The application of LLMs to genomic analysis is also gaining traction. Wang et al. (2024) (Wang et al., 2024) explored the potential of LLMs for analyzing the transcriptional regulation of long non-coding RNAs (lncRNAs), finding that fine-tuned genome foundation models show promise in progressively complex tasks. Their work highlights the importance of considering task complexity, model selection, data quality, and biological interpretability when applying LLMs to this challenging area. Simultaneously, Boulaimen et al. (2024) (Boulaimen et al., 2024) investigated the integration of LLMs like GPN-MSA, ESM1b, and AlphaMissense for genetic variant classification, demonstrating improved performance, particularly for Variants of Uncertain Significance (VUS), on benchmark datasets like ProteinGym and ClinVar. This suggests that LLMs can enhance the accuracy and reliability of variant classification, potentially impacting clinical diagnostics.

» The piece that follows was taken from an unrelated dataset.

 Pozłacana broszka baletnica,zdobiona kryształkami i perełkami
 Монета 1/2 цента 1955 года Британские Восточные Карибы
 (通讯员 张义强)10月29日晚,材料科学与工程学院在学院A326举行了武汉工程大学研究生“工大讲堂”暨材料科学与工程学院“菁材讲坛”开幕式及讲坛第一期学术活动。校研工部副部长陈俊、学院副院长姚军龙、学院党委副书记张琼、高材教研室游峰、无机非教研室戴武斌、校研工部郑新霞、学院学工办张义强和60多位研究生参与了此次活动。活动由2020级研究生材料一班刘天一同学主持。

Beyond LLMs, novel computational approaches are being developed for specific genomic problems. Young and Gilles (2024) (Young & Gilles, 2024) introduced a 3D chaos game representation for quantifying DNA sequence similarity, offering an alignment-free method for phylogenetic analysis. Their approach, based on shape-similarity comparison techniques, performed comparably to alignment-based methods in constructing phylogenetic trees, suggesting its potential for analyzing diverse DNA sequences. Meanwhile, Sena and Tomescu (2024) (Sena & Tomescu, 2024) addressed the computational challenges of RNA transcript assembly by leveraging safe paths and sequences within Integer Linear Programming (ILP) solvers. This optimization significantly improved the scalability of ILP-based methods for RNA transcript assembly, potentially enabling more accurate and efficient analysis of complex transcriptomic data.

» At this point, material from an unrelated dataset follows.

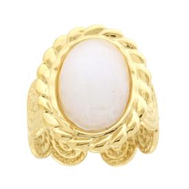 Anello contrarie doppio giro con filo con modellazione torchon e accessori alle estremità, perla bianca e conchiglia con finitura...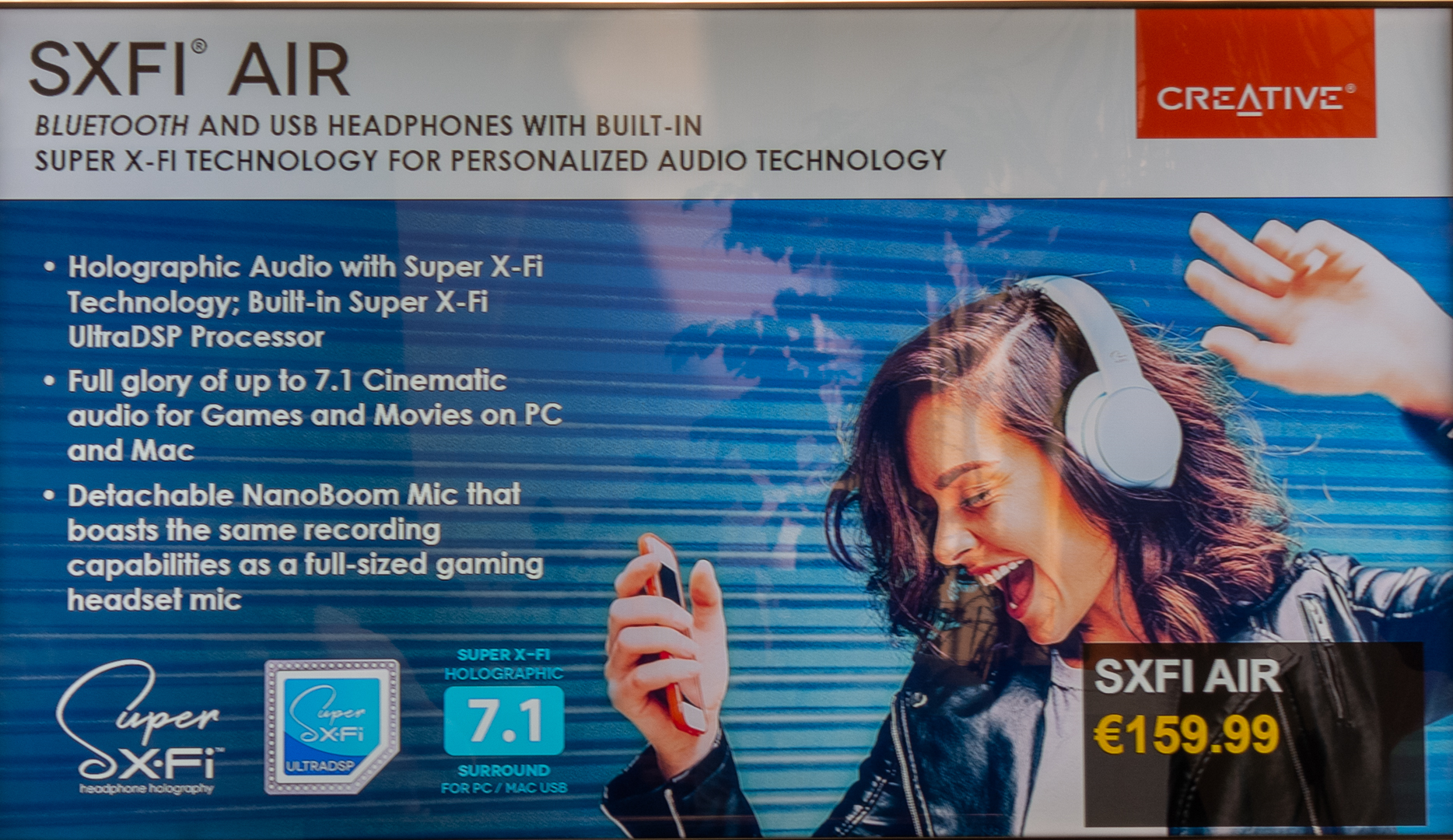 Spoločnosť Creative počas podujatia ASBIS Tech Fest 2019 predstavila svoju technológiu Super X-Fi založenú na holografii tváre a ucha. Tvorcovia hudobných nahrávok, aj rozhlasových dramatizácií ich mixujú tak, aby poskytli maximálny zážitok pri klasickom počúvaní cez dva stereofónne reproduktory. Ak takúto nahrávku počúvate cez slúchadlá, znie trochu inak.

Moving beyond purely computational genomics, Meilander et al. (2024) (Meilander et al., 2024) investigated the microbial dynamics of human excrement composting (HEC), revealing a transition from a gut-like microbiome to a soil-like microbiome over time. This work highlights the potential of HEC as a sustainable waste management strategy and provides valuable insights into the complex microbial interactions involved in this process. Finally, Zeiltinger et al. (2024) (Zeiltinger et al., 2024) provided a perspective on recent developments and challenges in regulatory and systems genomics, emphasizing the importance of understanding the cis-regulatory code. They discussed the use of sequence-to-function neural networks, the role of 3D chromatin organization, and the potential of emerging technologies like spatial transcriptomics in deciphering the complex interplay between genetic variation and phenotypic outcomes.

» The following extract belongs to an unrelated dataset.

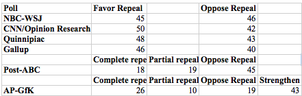 I've noticed that conservatives still reside in a world in which the public overwhelmingly wants to repeal the Affordable Care Act. The Weekly Standard writes, "Reflecting the clear and strongly held views of the vast majority of Americans, the House has voted overwhelmingly to repeal ObamaCare."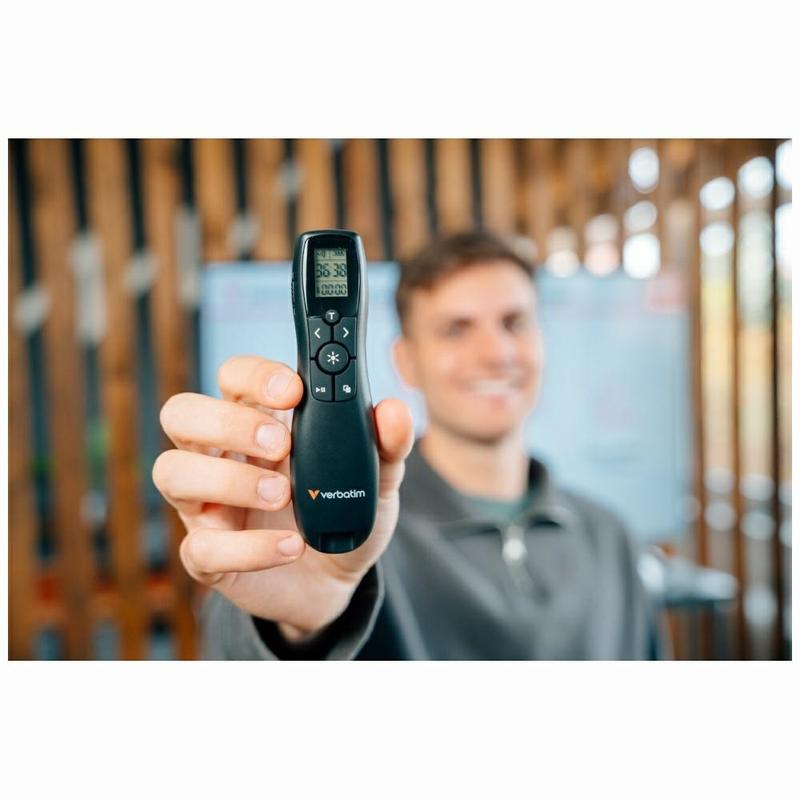 • Présentateur sans fil Verbatim Keynote avec écran LCD - Minuterie, laser rouge 100 m, portée sans fil 30 m - Récepteur USB-A + adaptateur USB-C

Integrating Large Language Models for Genetic Variant Classification by Youssef Boulaimen, Gabriele Fossi, Leila Outemzabet, Nathalie Jeanray, Oleksandr Levenets, Stephane Gerart, Sebastien Vachenc, Salvatore Raieli, Joanna Giemza https://arxiv.org/abs/2411.05055
Caption: This table presents the performance of different machine learning models trained on various combinations of features derived from Large Language Models (LLMs) for genetic variant classification. The results demonstrate the superior performance of the integrated approach, with the multi-input neural network trained on combined observed and potential scores from GPN, ESM, and AlphaMissense achieving the highest accuracy, F1-score, and ROC-AUC. This highlights the power of integrating diverse LLM-derived features for enhanced variant pathogenicity prediction.
Classifying genetic variants, especially Variants of Uncertain Significance (VUS), is a significant challenge in precision medicine. This research leverages the power of Large Language Models (LLMs) – specifically GPN-MSA, ESM1b, and AlphaMissense – to improve the accuracy of variant pathogenicity prediction. The core hypothesis is that integrating these models, each offering a unique perspective based on DNA sequence, protein sequence, and structural information, respectively, will lead to more robust and accurate classifications compared to using individual models.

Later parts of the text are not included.